4. Verification commands to confirm everything is working
Also explain: why PodMonitor instead of ServiceMonitor for Dapr sidecars?

What you're learning: The complete flow from Dapr configuration to Prometheus/Jaeger integration. The AI helps you understand why sidecars require PodMonitor (no dedicated Service) rather than ServiceMonitor.

Prompt 2: Debug Actor Performance Issues

Specification

My Dapr Actors are responding slowly. Users report 2-3 second response times
for ChatAgent actors that should respond in under 100ms.
I have Prometheus and Jaeger configured for Dapr. Walk me through systematic
debugging:
1. What PromQL queries identify which actor methods are slow?


2. How do I find if pending_calls is building up (turn-based backlog)?


3. In Jaeger, how do I trace an actor method to see if state operations are slow?


4. What's the difference between actor method time and state store time?
Give me specific queries and what the results would indicate.

What you're learning: Using Dapr-specific metrics and traces to diagnose actor performance. The AI guides you through metrics-then-traces workflow for root cause analysis.

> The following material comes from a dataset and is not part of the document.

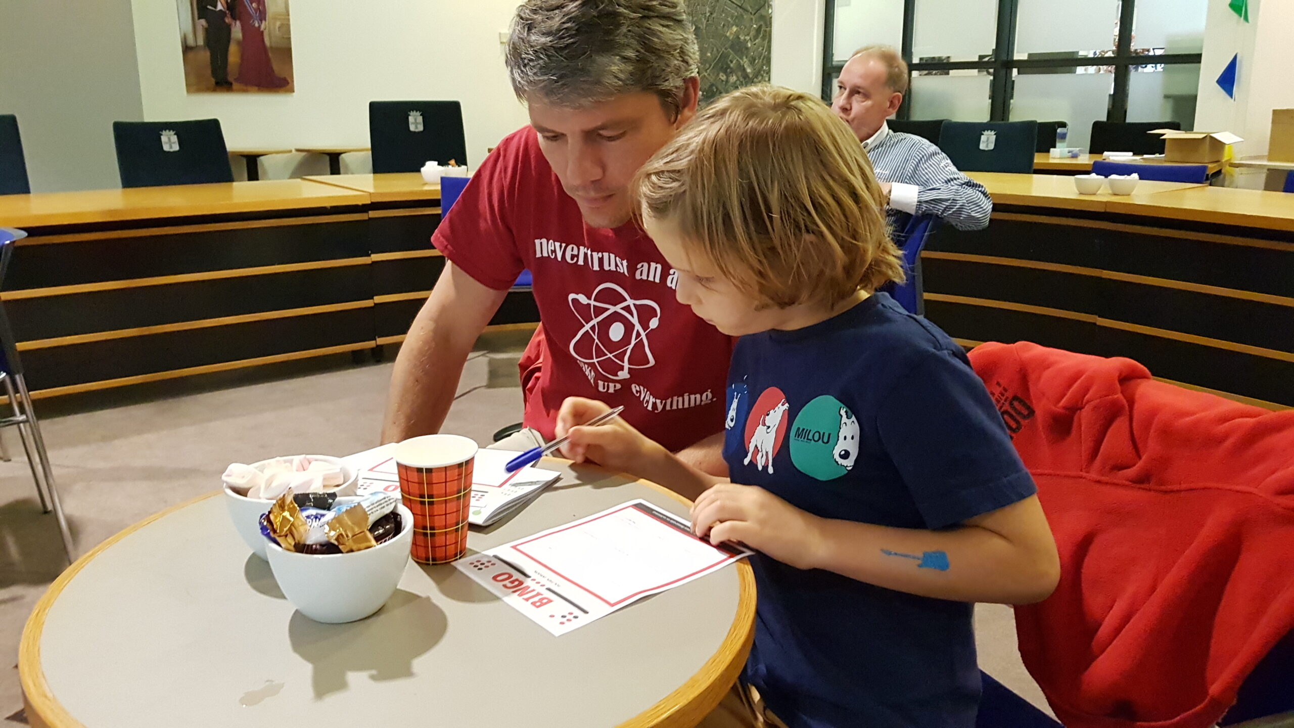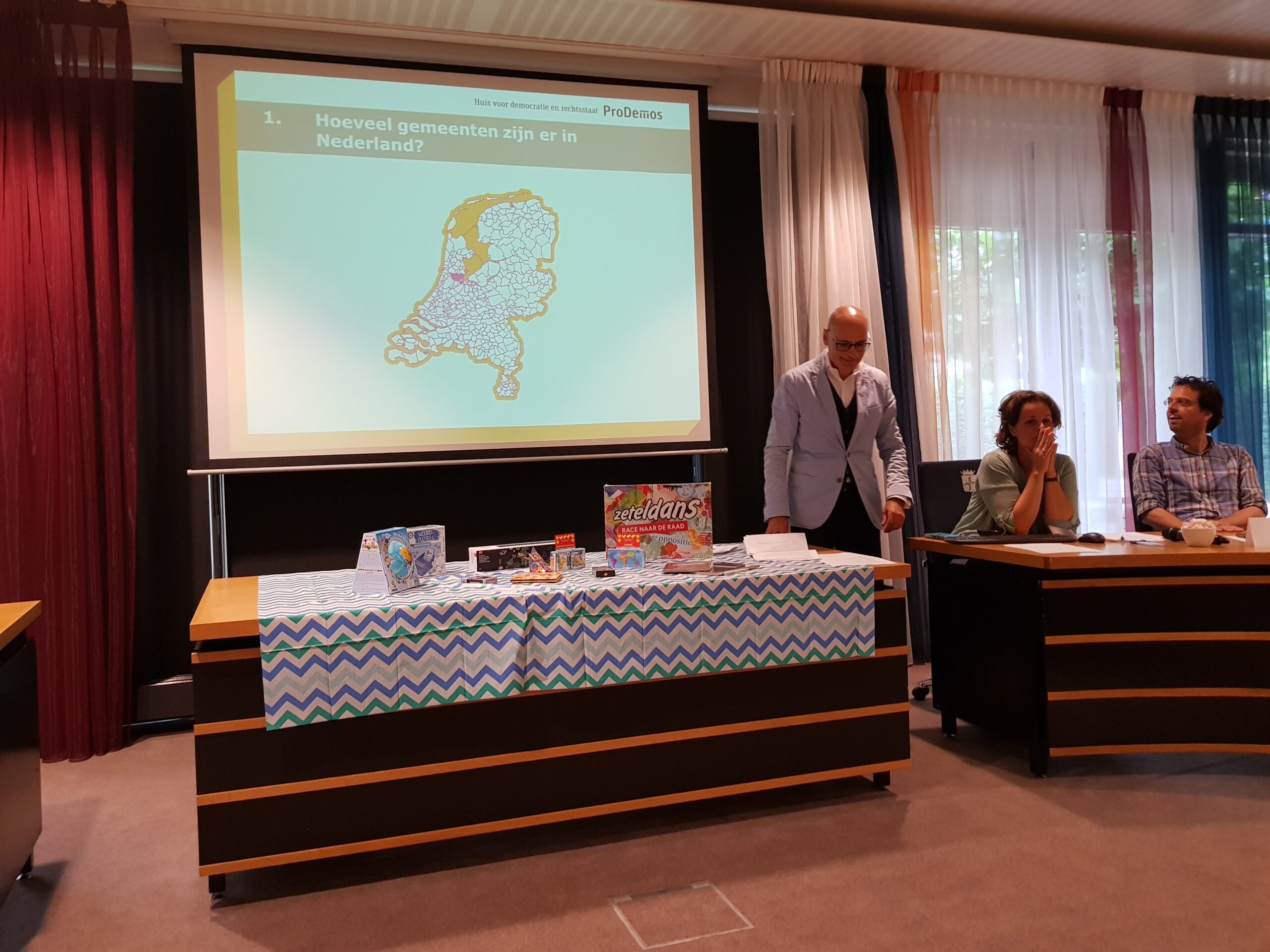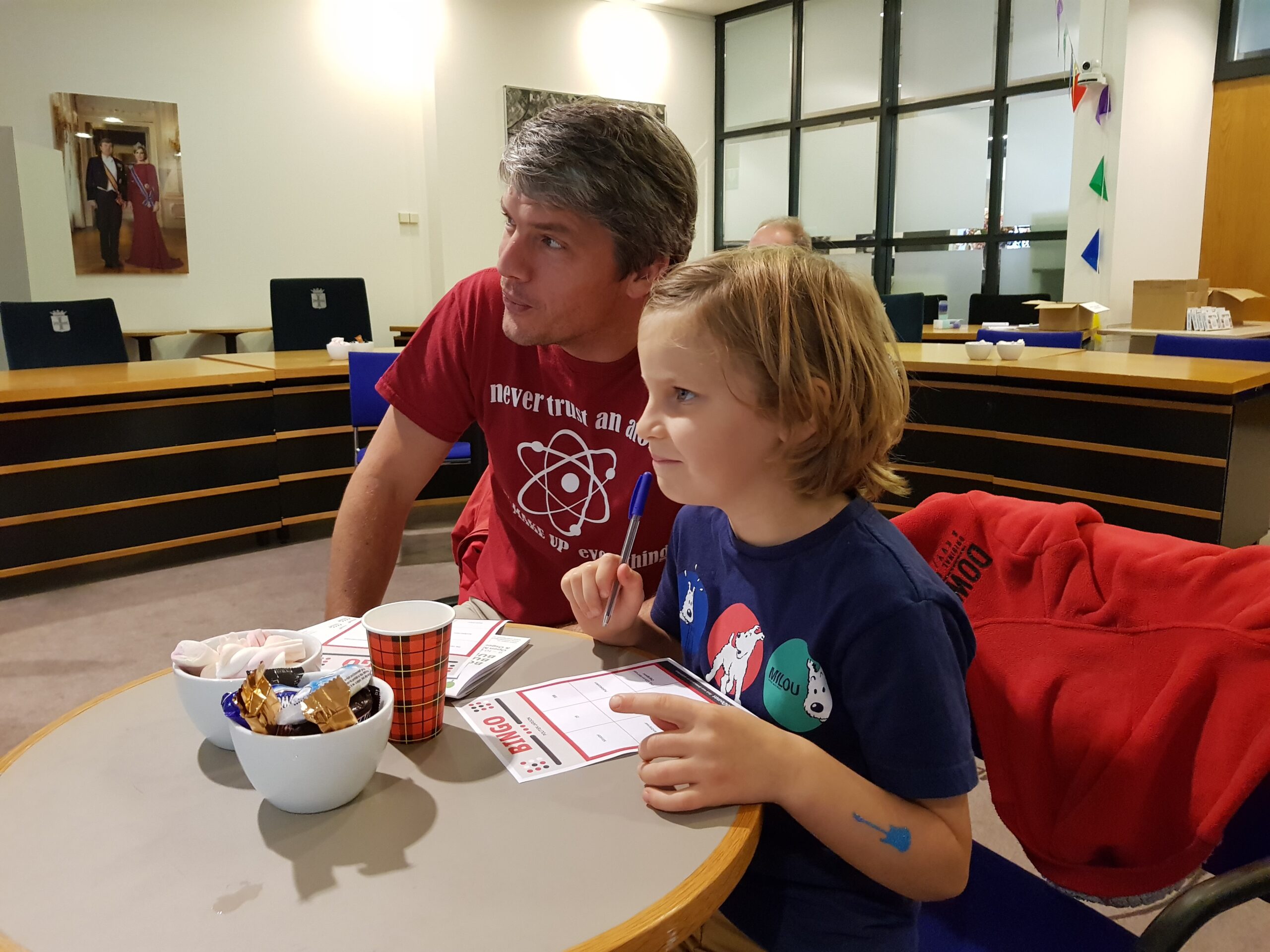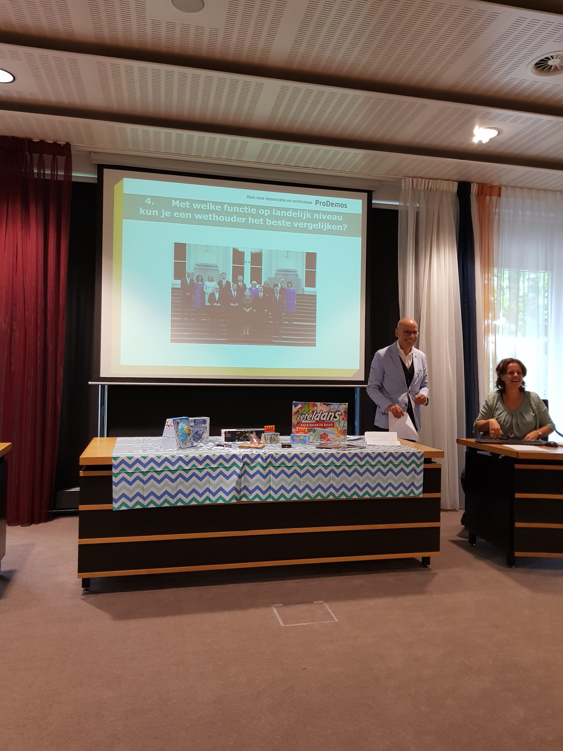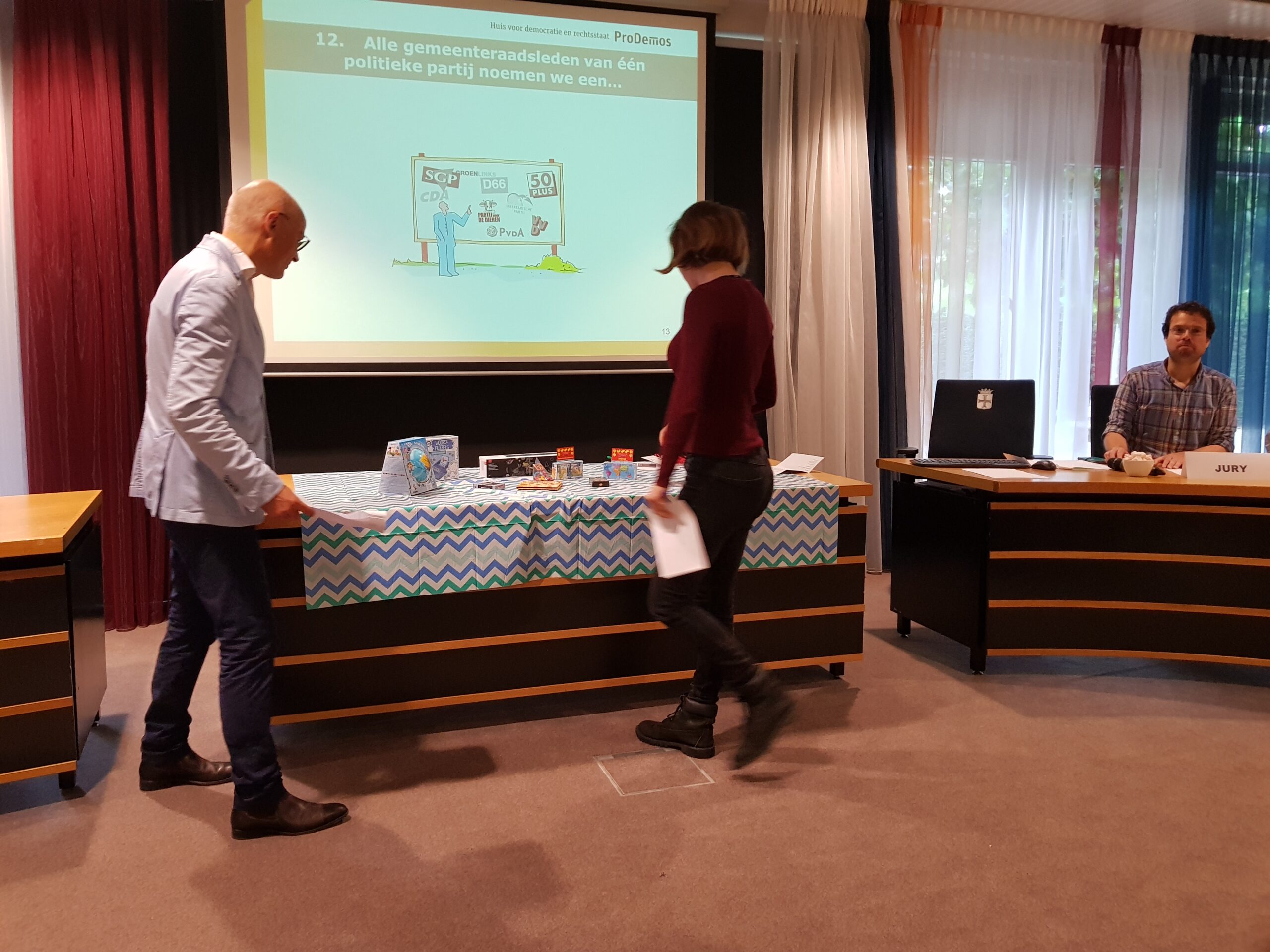 Burgemeester Jaensch van Oegstgeest stelde de vragen bij de bingo en de hoofdprijs, een dagje meelopen met de burgemeester, eindigt als het aan de zesjarige winnares Elize ligt in zwembad Poelmeer. “Maar misschien durft ‘ie wel helemaal niet te zwemmen omdat hij geen diploma heeft,” opperde de winnares. “Ik heb een beetje watervrees,” gaf Jaensch wel toe. Maar een leuke dag gaan ze er zeker van maken.

Prompt 3: Monitor Dapr Workflow Health

Specification

I'm running Dapr Workflows for order processing. Some workflows take 30+ seconds
when they should complete in 5 seconds. Others are failing silently.
Help me build observability for these workflows:
1. PromQL query to find which activity steps are slowest


2. PromQL query to calculate workflow failure rate by workflow type


3. How to trace a specific workflow execution in Jaeger


4. Alerting rules for workflow step timeouts and failure thresholds
My workflow has these activities: ValidateOrder, ReserveInventory, ProcessPayment,
SendConfirmation. Which metrics tell me where to investigate?

What you're learning: Workflow-specific observability patterns. The AI helps you translate workflow concepts (steps, activities, execution) into PromQL queries and tracing strategies.

Safety note: Dapr observability adds overhead. With samplingRate: "1" (100% tracing), every request generates trace data. In high-throughput production: reduce sampling to 10% or 1%, set resource limits on sidecars via annotations (dapr.io/sidecar-cpu-limit, dapr.io/sidecar-memory-limit), and monitor the observability pipeline itself.